The company has been under intense pressure since a door plug blew out of a Boeing 737 Max during an Alaska Airlines flight in January, leaving a gaping hole in the plane. The Federal Aviation Administration (FAA) in February gave Boeing 90 days to come up with a plan to fix quality problems and meet safety standards for building planes after the accident.
The incident has raised scrutiny of Boeing to the highest level since two crashes of Boeing 737 Max jets in 2018 and 2019 that killed 346 people. About a dozen relatives of passengers who died in the second crash have been pushing the U.S. government to revive a criminal fraud charge against the company by determining that Boeing violated the terms of a 2021 settlement.
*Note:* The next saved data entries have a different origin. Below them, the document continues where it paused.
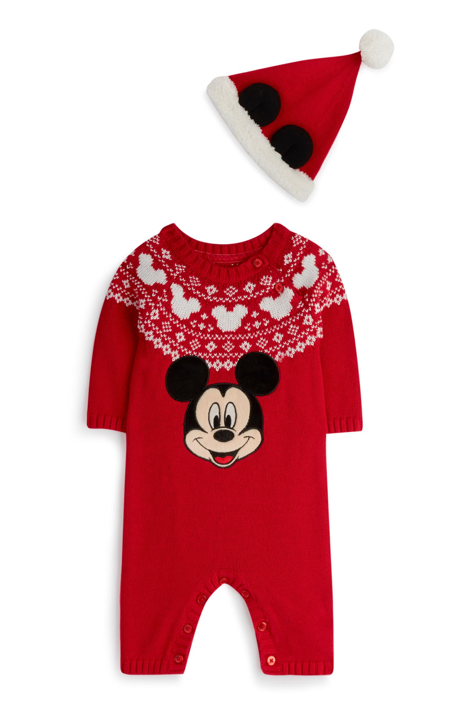 Newborn Red Mickey Mouse Sleepsuit And Hat Baby Basics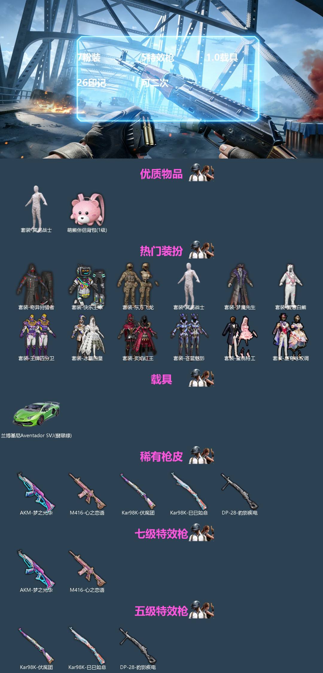 7粉装 5特效呛 1.0载具 26印记 可二次 【热门装扮】奇异狩猎者快乐主宰东方飞龙冥河战士老木乃伊梦魇先生爱崽白熊王牌四分卫冰霜白皇炙焰红王苍蓝魅影蜜桃特工星穹咏叹调 【载具】兰博基尼aventad svj翡翠绿 【稀有呛皮】akm梦之光华m416心之恋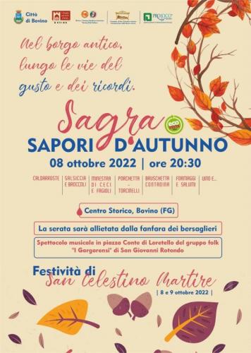 L’ Amministrazione Comunale, il Comitato Festa San Celestino Bovino e la Pro Loco Bovino Unpli vi invitano alla Sagra “Sapori d’ Autunno”, anche quest’anno ECOFESTA, in programma Sabato 8 Ottobre, a partire dalle 20.30.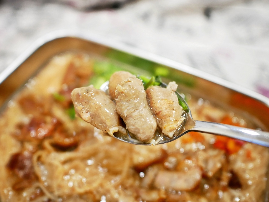 大腸不夠Q有點可惜,口感略微偏軟少了點嚼勁。不過滷到相當入味,單吃稍稍偏鹹,拌著麵線一起品嘗就蠻提味。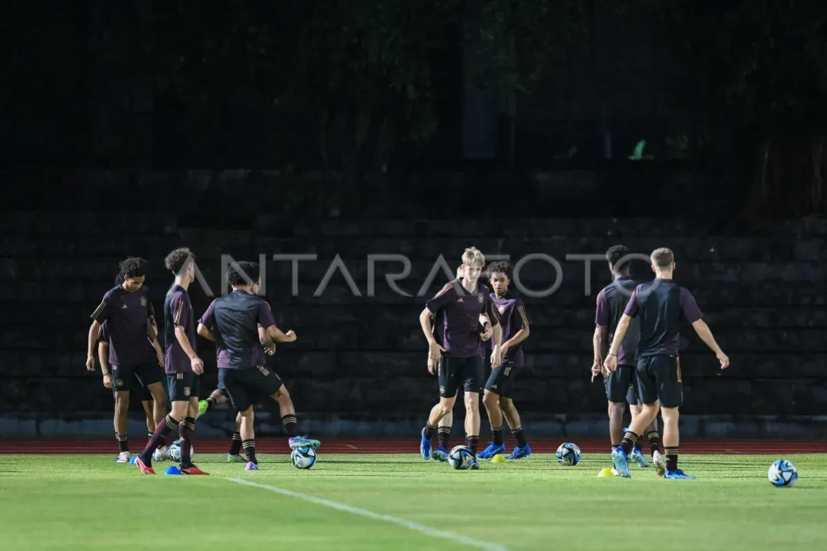 Pesepak bola Timnas Jerman mengikuti latihan resmi jelang pertandingan semi final Piala Dunia U-17 2023 di Lapangan Sriwedari, Solo, Jawa Tengah, Senin (27/11/2023). Timnas Jerman akan bertanding melawan Timnas Argentina pada semifinal Piala Dunia U-17 di Stadion Manahan Solo. ANTARA FOTO/Mohammad Ayudha/rwa.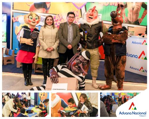 La Paz, 2 de agosto 2023 AN.- Con el fin de promover la educación tributaria de forma didáctica y entretenida, la Aduana Nacional estrenó este miércoles su stand denominado “Saga Aduanera” en la 27º versión de la Feria Internacional del Libro de La Paz (FILLP), el mismo tiene como característica principal la presentación de un grupo de superhéroes y villanos que se enfrentarán por el control de las fronteras y la lucha contra el contrabando. Este stand recibirá al público todos los días en el Campo Ferial Chuquiago Marka hasta el 13 de agosto.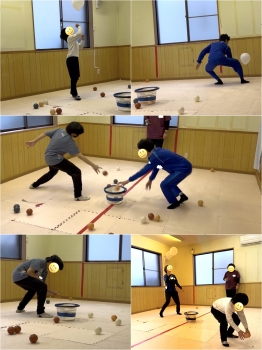 風船を気にしすぎると玉が入らず、玉入れに集中していると風船が落ちてしまう・・・。

In April, a Boeing whistleblower, Sam Salehpour, testified at a congressional hearing that the company had taken manufacturing shortcuts to turn out 787s as quickly as possible which could lead to jetliners breaking apart.
The Aviation Safety Network, which tracks airline accidents, described the plane as a Boeing 737-38J. The network published photos of the damaged plane in a grassy field, surrounded by fire suppressant foam, on X, formerly known as Twitter. One engine appeared to have broken apart and a wing was also damaged, according to the photos.
ASN is part of the Flight Safety Foundation, a nonprofit group that aims to promote safe air travel and tracks accidents.